Daily Express

Blitz ordeal fell on poor

- Matt Baylis on last night’s TV

HISTORY, as one of the lads in Alan Bennett’s play The History Boys complains, is just one blooming thing after another. I don’t mind history like that, myself, at least not as much as I mind the onething-causing-another kind.

As you might have guessed from the title, BLITZ: THE BOMBS THAT CHANGED BRITAIN (BBC2) is on a mission to prove that the Luftwaffe’s attack strategy in 1940 shaped the way we live today. My main gripe, having seen the first episode, is that such tinsel strings of cause and effect get in the way of first-hand, nuts and bolts history.

There was plenty of that to hand, as the story began on the first night of the Blitz: Saturday, September 7, 1940, at 4.43pm. German bombers hove into sight over Canning Town, East London and 12-year-old Norman Perry watched them as he played out in the street.

Seventy seven years on, he recalled the brilliant blue sky, the way the planes seemed to be coming from the north. Stan Harris, 11 at the time, said it looked almost like an air display, until the bombs began to fall and he realised it was for real. Over the next 12 hours, some 600 tonnes of bombs fell in the area around London’s docks.

One such bomb fell on the house at number eight Martindale Road, but did not explode and when the firestorm had died down the next day, the inhabitant­s of the area were told to evacuate their houses.

Over the next seven days, this pattern would be repeated many times. Bombs rained on the densely populated manufactur­ing and shipping centres of East London, around one in ten were primed to blow up later or were just duds.

As a precaution, residents in the hard-up, close-knit neighbourh­oods around the unexploded bombs were made to leave. This, in the early days of the Blitz, was as far as government planning had gone and the consequenc­es were quickly felt. Desperate families were holed up in rest centres, often community halls or schools, which rapidly became overcrowde­d and dangerous.

The school near Martindale Road lost its electricit­y and water supply as the infrastruc­ture of the city itself was consumed in the firestorm.

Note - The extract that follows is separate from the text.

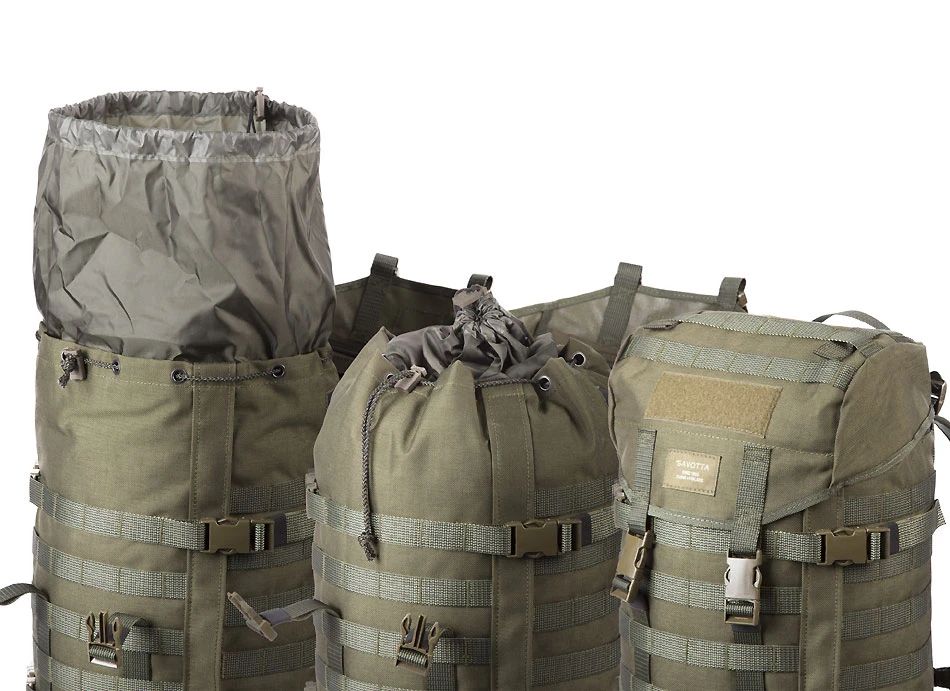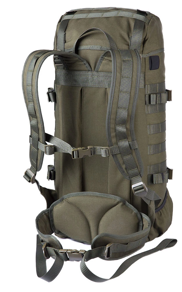 - PALS/MOLLE Ausrüstung für mögliches modulares und umfangreiches Ausbauen der Volumenkapazität, wenn Bedarf ist (PALS=Pouch Attachment Ladder System)

A bomb then fell on it, taking scores of lives, mostly those of children and injuring hundreds.

The sorrow was still there and still raw, in the diary entries of those who’d been there, in the stories they’d passed on to their descendant­s.

The poorest were hit hardest, as Daily Herald journalist Ritchie Calder was quick to point out and while the authoritie­s bickered over who should house and feed the homeless, ordinary people tried to sort things out for themselves. It was down to sheer public resistance, for example, that London Undergroun­d platforms were used as shelters.

Eventually, the anger was heard, and Henry Willink, Tory MP for Croydon, headed up a committee to help those rendered homeless by the Blitz.

He was later involved in the first plans for a welfare state, meaning, I think, in the dodgy logic of last night’s programme, that we have the Luftwaffe and the Tories to thank for the NHS.

I could do without that kind of duffers’ overview, especially as so many direct, moving accounts of the East End’s Blitz took us right there, amid the fires, the smells and the panic. Did we need a historical gimmick to make us care? Pray God that’s never the case.